Clavanins are a family of alpha-helical antimicrobial peptides found in hemocytes of the tunicate, Styela clava. We examined a cDNA library prepared from pharyngeal tissues of S. clava and sequenced 24 clones that encoded prepropeptides of Clavanins A, C, D or E. These sequences indicated that Clavanins are synthesized as 9.2 kDa prepropeptides which contain a 19-residue signal peptide, followed in turn by a highly polar 'pro' region (LEERKSEEEK) with five glutamic acid residues, the 23 residues of the mature Clavanin peptide, the glycine residue needed for its amidation and a 27-residue polar C-terminal extension that is removed in later processing. Although the signal sequence and anionic propiece of Clavanin precursors share features with corresponding regions in precursors of the certain frog peptides, including ranalexin, gaegurins, dermaseptins and deltorphins, their unique multipartite structure suggests that they are not actually homologues of these amphibian peptides.

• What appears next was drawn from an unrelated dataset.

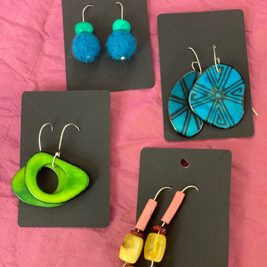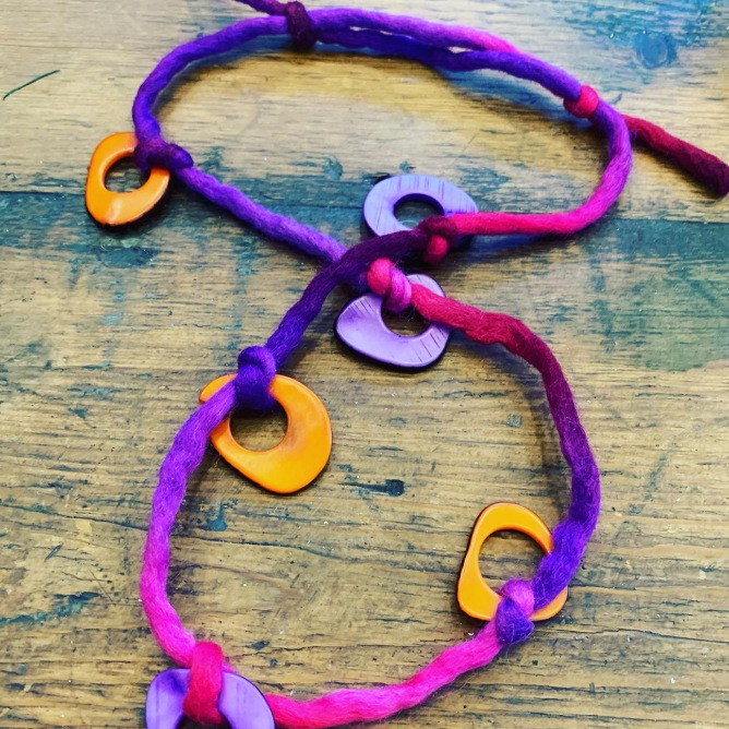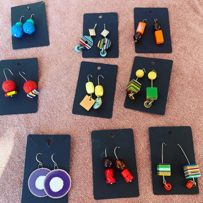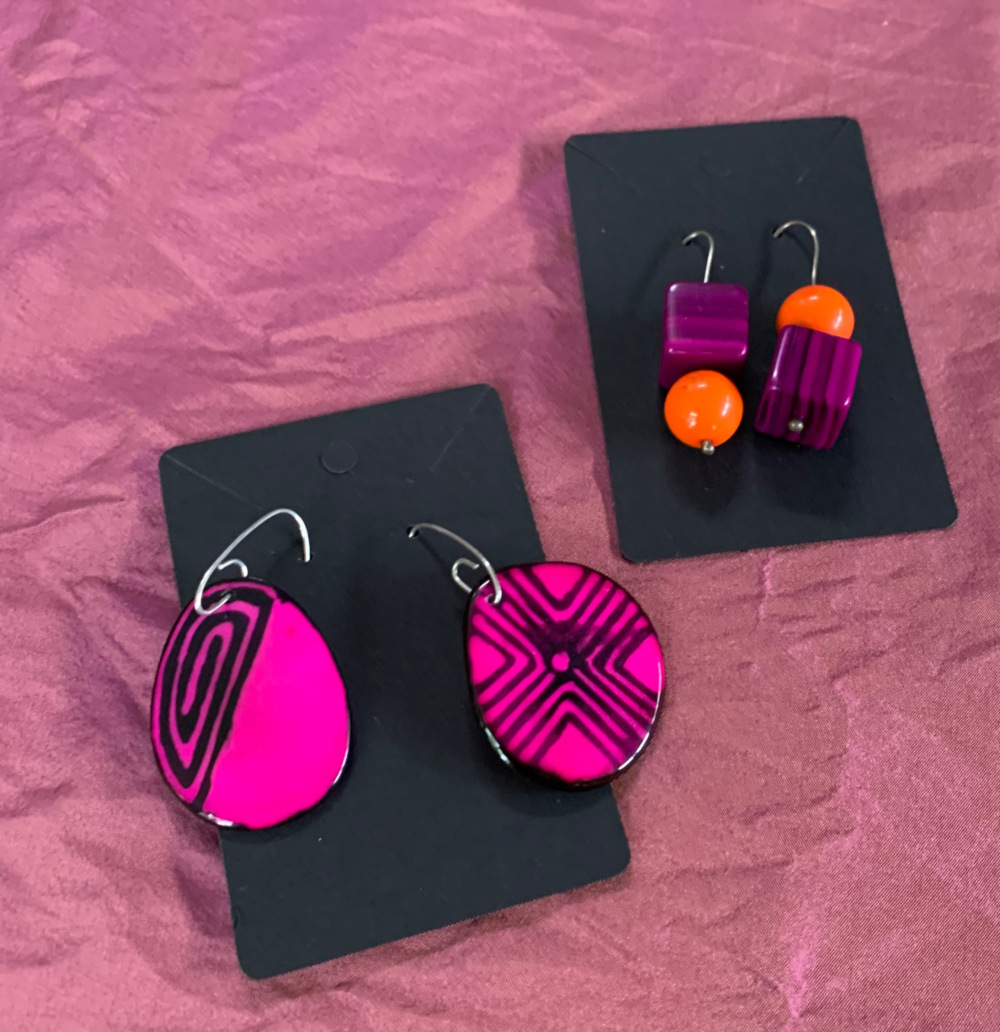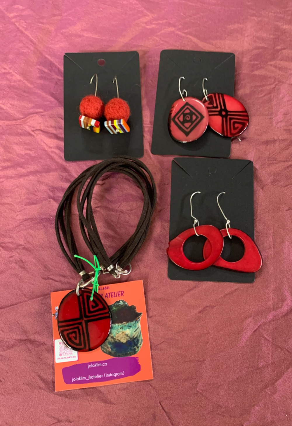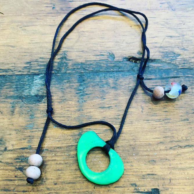 I compose my jewellery using ceramic beads, Raku ceramic beads, resin, Baltic amber, semi-precious stones, African trading beads, and recycled glass. Lately, I introduced tagua from Colombia, which I purchased to support Colombian artisans in their fight for the Rain Forrest in Amazonia.

海鞘素是在柄海鞘血细胞中发现的一类α-螺旋抗菌肽。我们检测了从柄海鞘咽组织制备的cDNA文库,并对24个编码海鞘素A、C、D或E前原肽的克隆进行了测序。这些序列表明,海鞘素作为9.2 kDa的前原肽合成,其中包含一个19个残基的信号肽,接着是一个具有五个谷氨酸残基的高度极性的“前”区域(LEERKSEEEK)、成熟海鞘素肽的23个残基、其酰胺化所需的甘氨酸残基以及一个在后续加工中被去除的27个残基的极性C末端延伸。尽管海鞘素前体的信号序列和阴离子前肽部分与某些蛙肽前体的相应区域具有共同特征,包括雨蛙肽、加古林、皮肤抗菌肽和强啡肽,但它们独特的多部分结构表明它们实际上并非这些两栖类肽的同源物。